## What to produce
Output everything in the data exactly, leaving the pictures out.
------ Recorded information ------
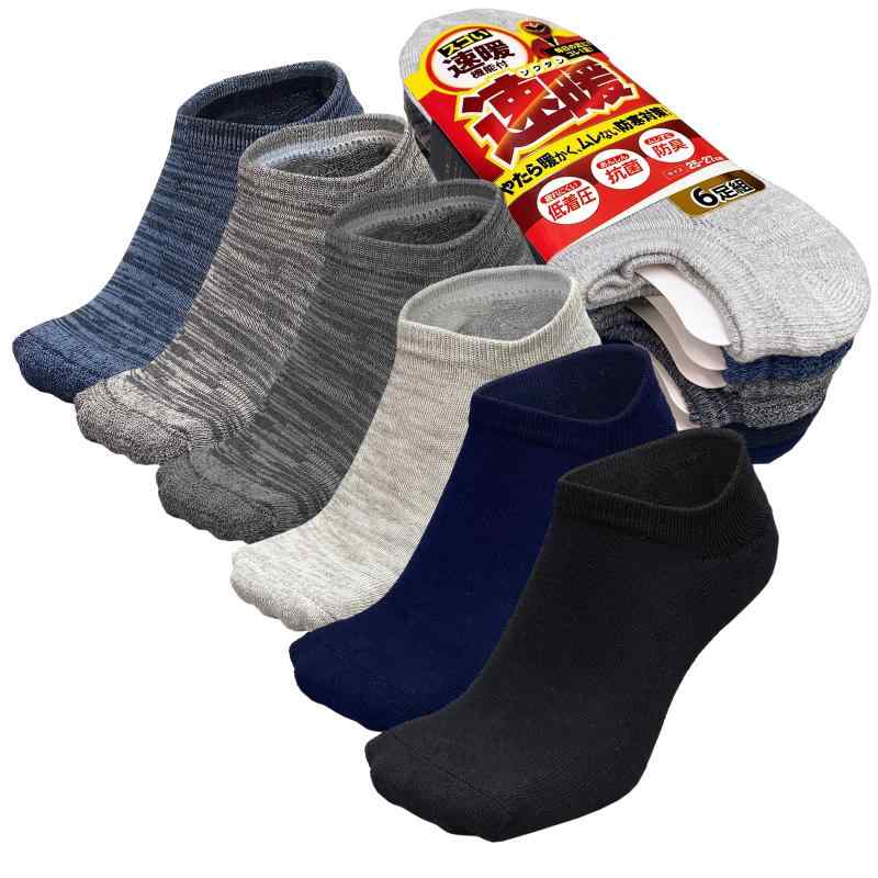 [PUICK] 6足組 靴下 メンズ 速暖 ショートソックス 抗菌消臭 疲れにくい低着圧 吸水速乾 ストレッチ 男性 春夏 秋冬 パイル くつした くつ下 ビジネス ランニング くるぶし 25-27cm
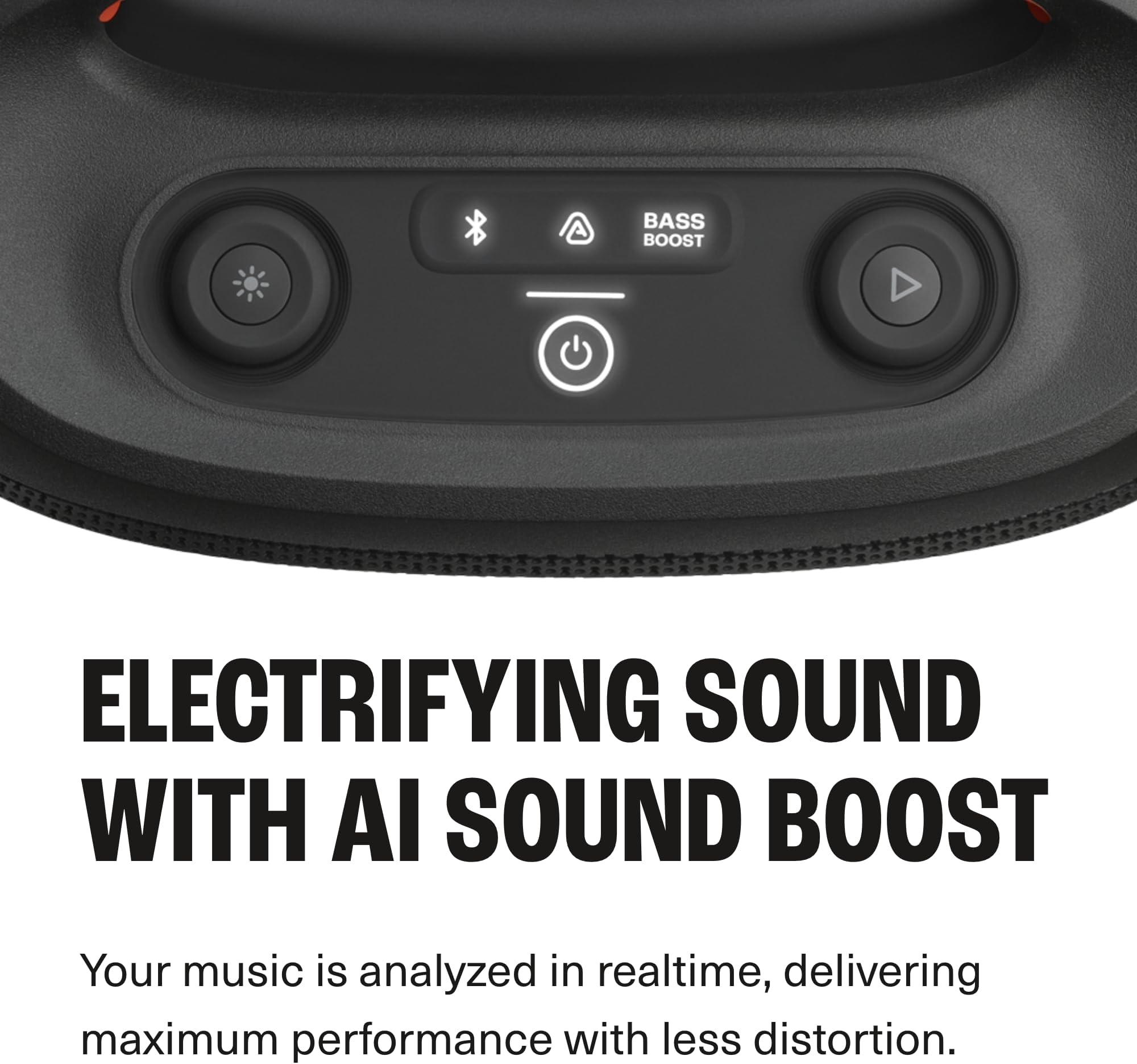 Pop ballads, slow jams, and everything in between, your playlist will shine with JBL Pro Sound. Feel the extra oomph in your chest as silk dome tweeters and powerful woofers deliver epic highs and deep lows.The AI Sound Boost ensures your music remains crystal clear with more powerful sound and less distortion.
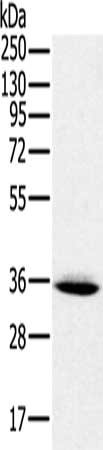 Gel: 10%SDS-PAGE, Lysate: 40 μg, Lane: Mouse brain tissue, Primary antibody: CSB-PA318216(PPP2CA Antibody) at dilution 1/300, Secondary antibody: Goat anti rabbit IgG at 1/8000 dilution, Exposure time: 1 minute
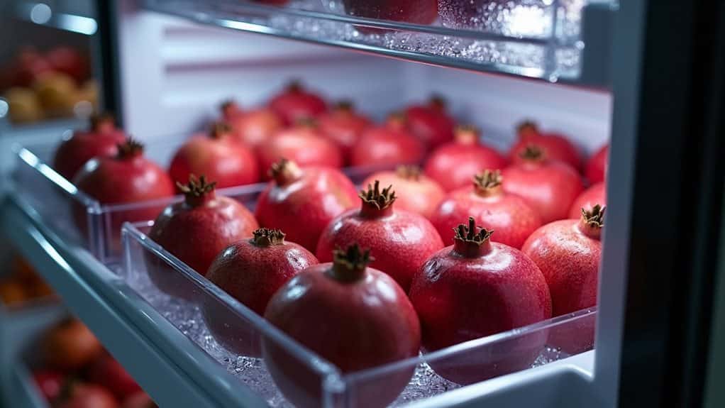 You'll want to keep your refrigerator's crisper drawer at a consistently cool temperature for ideal pomegranate storage, whether you're storing whole fruits or seeds.
------
## Output of the task
 [PUICK] 6足組 靴下 メンズ 速暖 ショートソックス 抗菌消臭 疲れにくい低着圧 吸水速乾 ストレッチ 男性 春夏 秋冬 パイル くつした くつ下 ビジネス ランニング くるぶし 25-27cm
 Pop ballads, slow jams, and everything in between, your playlist will shine with JBL Pro Sound. Feel the extra oomph in your chest as silk dome tweeters and powerful woofers deliver epic highs and deep lows.The AI Sound Boost ensures your music remains crystal clear with more powerful sound and less distortion.
 Gel: 10%SDS-PAGE, Lysate: 40 μg, Lane: Mouse brain tissue, Primary antibody: CSB-PA318216(PPP2CA Antibody) at dilution 1/300, Secondary antibody: Goat anti rabbit IgG at 1/8000 dilution, Exposure time: 1 minute
 You'll want to keep your refrigerator's crisper drawer at a consistently cool temperature for ideal pomegranate storage, whether you're storing whole fruits or seeds.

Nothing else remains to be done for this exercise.